Andrew you've definitely nailed all the points we're looking for and added some (3) and (4) that we hadn't thought about, but could definitely find extremely useful in the long run as team-based learning continues to ramp up. 

For our professional programs we tend to work a lot with discussions, and as a workaround to true intra-group peer reviews and due dates for peer reviews, we end up creating two separate graded group discussions and manually assign peer reviews to group members only. 

Here's the feature request for the Due date for completing the peer review:

https://community.canvaslms.com/thread/3207 

Best,

Alex

tslee
Community Participant

me too! this feature would support "group projects".   
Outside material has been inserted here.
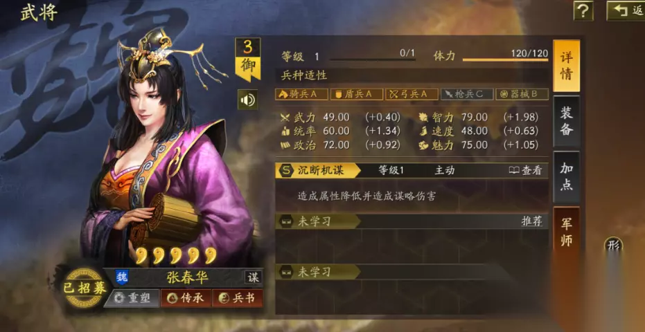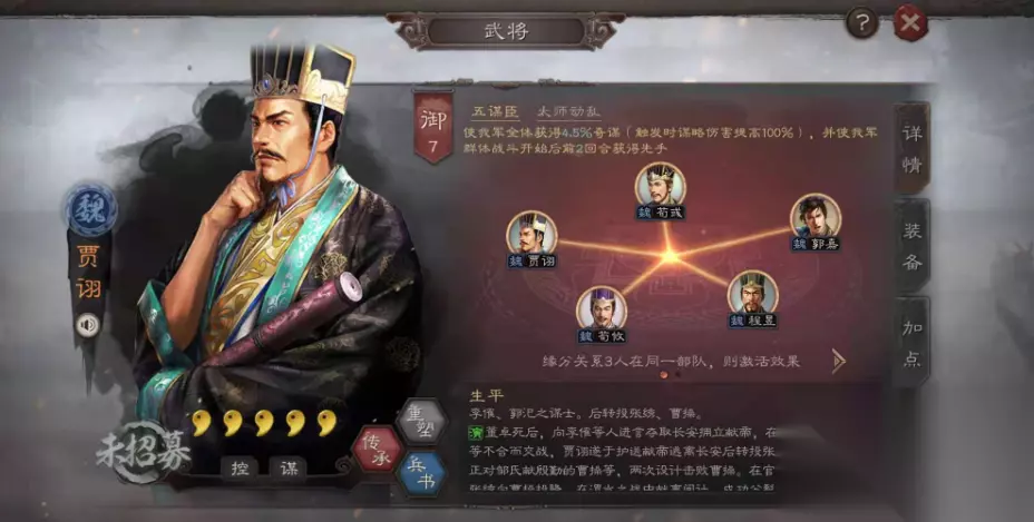 二、战法配置详解 1. 曹操:防御中枢 作为阵容的定海神针,曹操的战法选择直接决定全队生存能力。推荐: 核心战法:抚辑军民+刮骨疗毒 平替方案:御敌屏障+坐守孤城 抚辑军民在前三回合可提供高达40%的群体减伤,配合刮骨疗毒的精准治疗,堪称移动医疗站。兵书选择"援其必攻+励军+掩虚",将辅助效果发挥到极致。 2. 贾诩:控场大师 这位毒士的战术价值在于打乱敌方节奏: 标配战法:夺魂挟魄+杯蛇鬼车 备选方案:兵无常势/四面楚歌/伪书相间 夺魂挟魄的偷属性机制让贾诩越打越硬,杯蛇鬼车则实现控场续航两不误。搭配"以治击乱+妙算+鬼谋"兵书,让混乱效果如附骨之疽般难以摆脱。 3. 程昱:核弹射手 作为阵容的终结点,程昱的配置需要极致输出: 必带组合:太平道法+士别三日 过渡选择:白眉+四面楚歌 太平道法将自带战法发动率提升至质变临界点,士别三日提供的规避效果和智力加成,让程昱化身后排炮台。兵书"奇正相生+执锐+文韬"三件套,将输出能力推向巅峰。
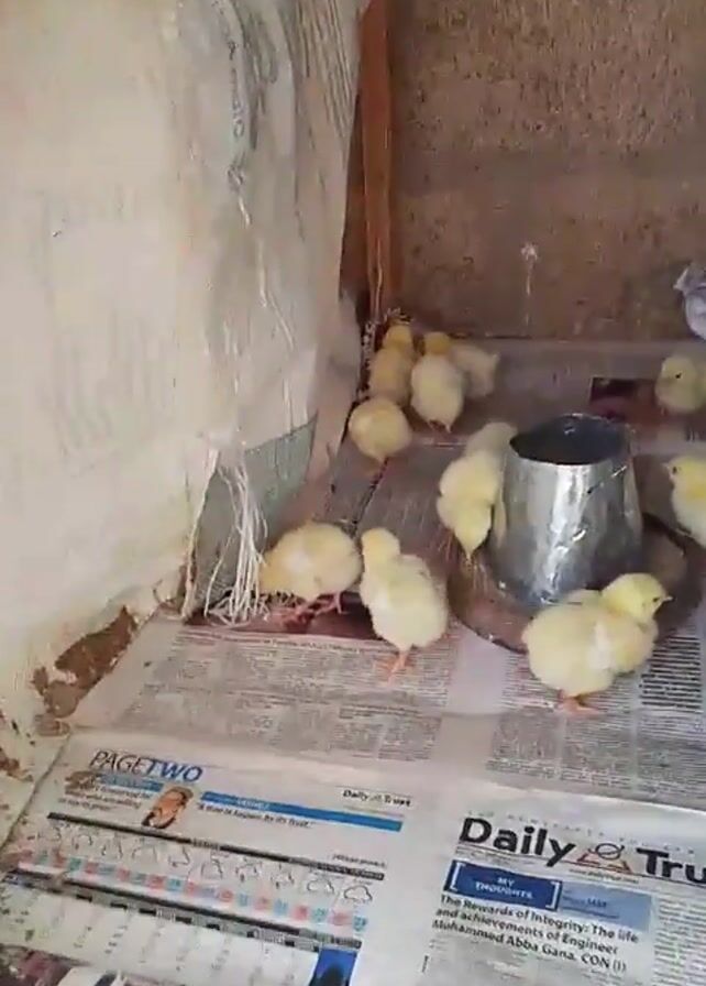 A video shows a group of yellow chicks in a makeshift enclosure lined with newspaper

two more feature requests come to my mind 

 1.  ability to peer review within my group for discussion forums

 2.  I like that in peer review page as teacher I can see who has completed and hasn't completed their peer review. Is there way to also see this in the course gradebook (via "Grades" link)?   I like the way I can see in "Grades" link whether a student has submitted an assignment (teacher sees a icon place holder in student's row) but I am not seeing another icon for whether student submits peer review.    Having 2 places for this visual cue would be helpful.

James
Community Champion

I've just released a user script that will automatically assign peer reviews to everyone in the same group as the user. It is not as flexible as some people wanted, but it may meet the needs of some.